[Provided material]
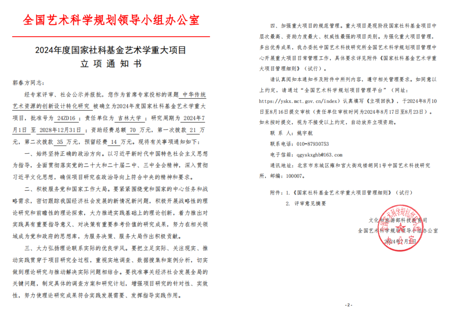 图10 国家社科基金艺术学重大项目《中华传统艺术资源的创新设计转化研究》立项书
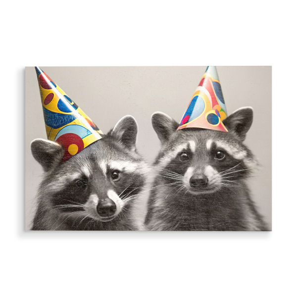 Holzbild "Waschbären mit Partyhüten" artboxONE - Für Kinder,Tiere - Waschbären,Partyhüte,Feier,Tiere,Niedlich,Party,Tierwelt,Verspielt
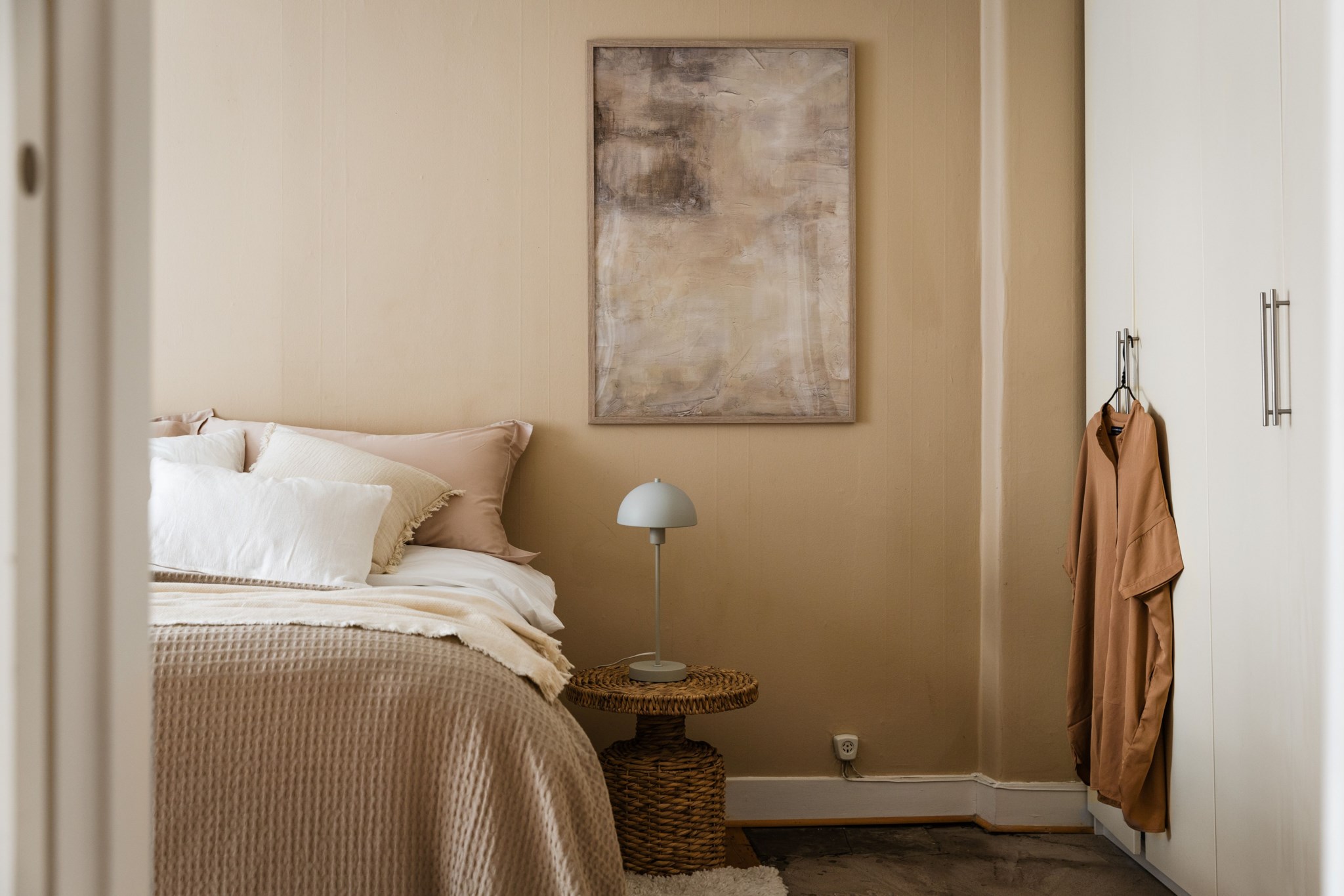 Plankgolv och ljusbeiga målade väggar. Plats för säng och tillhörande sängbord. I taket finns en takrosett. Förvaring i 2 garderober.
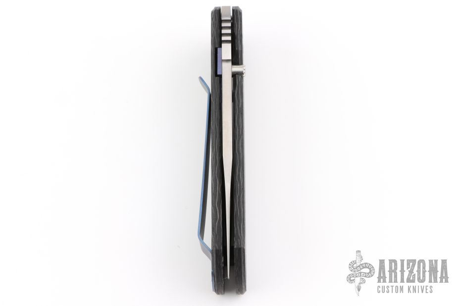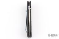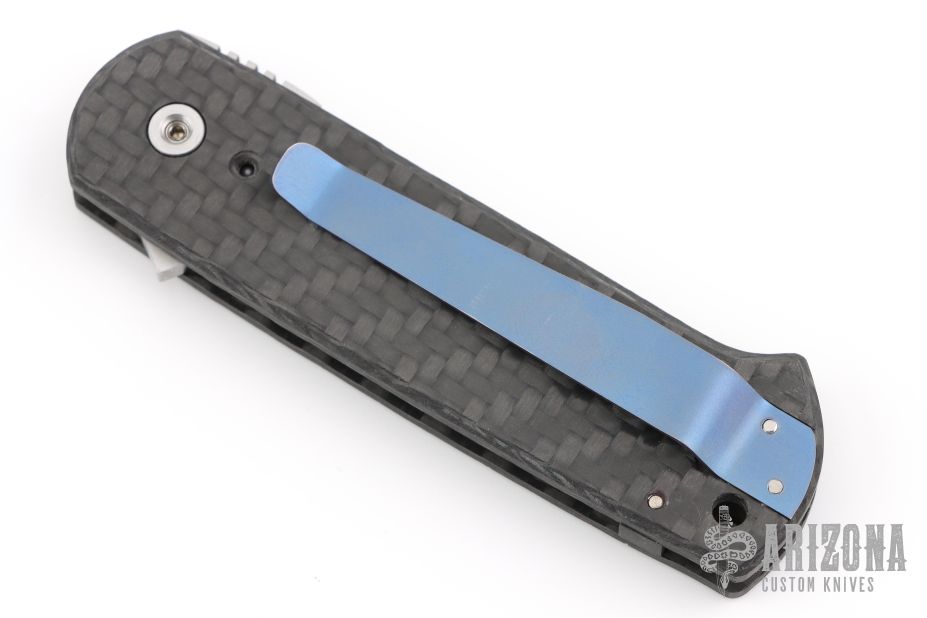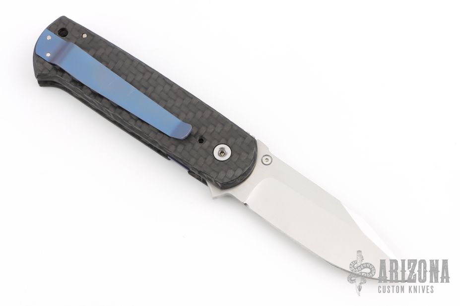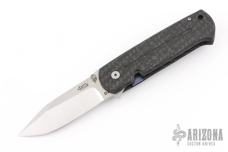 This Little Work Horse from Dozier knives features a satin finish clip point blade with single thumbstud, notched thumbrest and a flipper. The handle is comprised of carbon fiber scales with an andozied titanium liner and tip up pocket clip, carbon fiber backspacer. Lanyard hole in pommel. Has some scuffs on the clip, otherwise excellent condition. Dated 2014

[What you need to do]
Retype the listing above exactly, pictures excluded.

[Task output]
 图10 国家社科基金艺术学重大项目《中华传统艺术资源的创新设计转化研究》立项书
 Holzbild "Waschbären mit Partyhüten" artboxONE - Für Kinder,Tiere - Waschbären,Partyhüte,Feier,Tiere,Niedlich,Party,Tierwelt,Verspielt
 Plankgolv och ljusbeiga målade väggar. Plats för säng och tillhörande sängbord. I taket finns en takrosett. Förvaring i 2 garderober.
 This Little Work Horse from Dozier knives features a satin finish clip point blade with single thumbstud, notched thumbrest and a flipper. The handle is comprised of carbon fiber scales with an andozied titanium liner and tip up pocket clip, carbon fiber backspacer. Lanyard hole in pommel. Has some scuffs on the clip, otherwise excellent condition. Dated 2014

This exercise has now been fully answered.